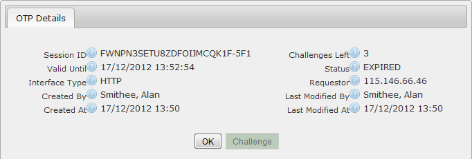 •REJECTED - the challenge was rejected as OTP did not match
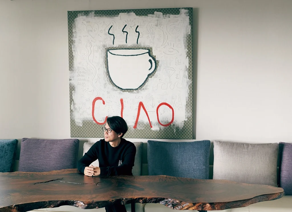 内永さんの背景には、大きなカップの絵画が飾ってあります。
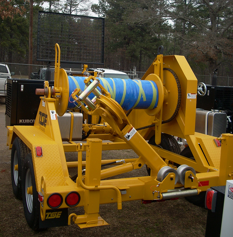 Rated for 7,000 lbs. linepull, the underground pulling reel can be ordered complete with 3/8” x 1,500’ of rotation resistant wire rope installed.
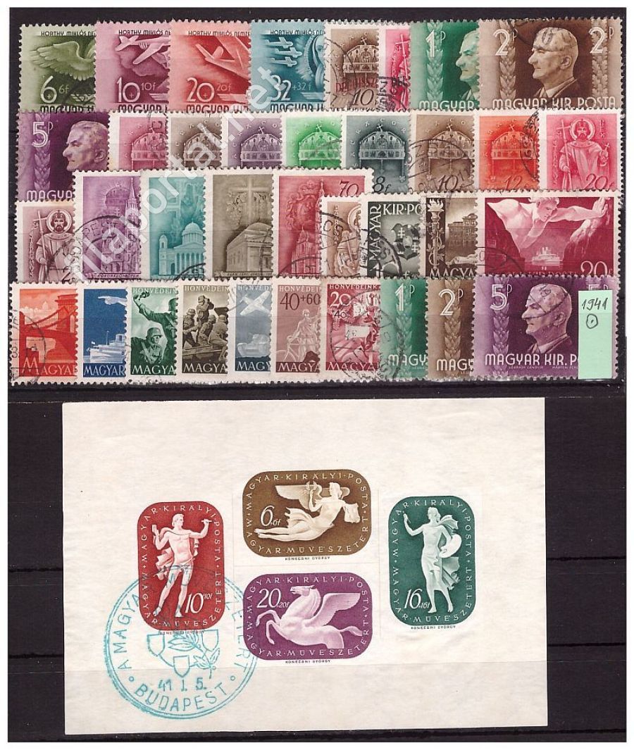 1941. KOMPLETT ÉVJÁRAT -O- berakólapon, (elsőnapi MŰVÉSZ blokkal együtt) katalógusára 7.200 Ft
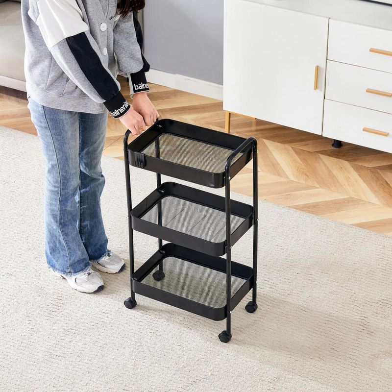 Com dimensões compactas, este carrinho é especialmente projetado para otimizar espaço, contando com três amplas prateleiras que tornam a arrumação muito mais fácil. As rodinhas proporcionam fácil locomoção, permitindo que você leve o carrinho de um lugar para outro sem esforço. As prateleiras em grade de ferro não apenas oferecem robustez, mas também facilitam a limpeza, garantindo um aspecto sempre impecável.
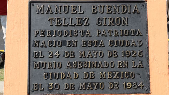 Manuel Buendía Tellezgirón nació en Zitácuaro, Michoacán, el 24 de mayo de 1926, y fue asesinado el 30 de mayo de 1984 en la Ciudad de México. Manuel Buendía escribía en La columna Red Privada, publicada por el periódico Excelsior de la Ciudad de México y ésta era reproducida por alrededor de 60 periódicos mexicanos.

++++++

* [AIM OF THE TASK]
Take the material above from its first line through the line holding "1941. KOMPLETT ÉVJÁRAT" and set it down exactly, without the pictures.

* [EXERCISE RESPONSE]
 •REJECTED - the challenge was rejected as OTP did not match
 内永さんの背景には、大きなカップの絵画が飾ってあります。
 Rated for 7,000 lbs. linepull, the underground pulling reel can be ordered complete with 3/8” x 1,500’ of rotation resistant wire rope installed.
 1941. KOMPLETT ÉVJÁRAT -O- berakólapon, (elsőnapi MŰVÉSZ blokkal együtt) katalógusára 7.200 Ft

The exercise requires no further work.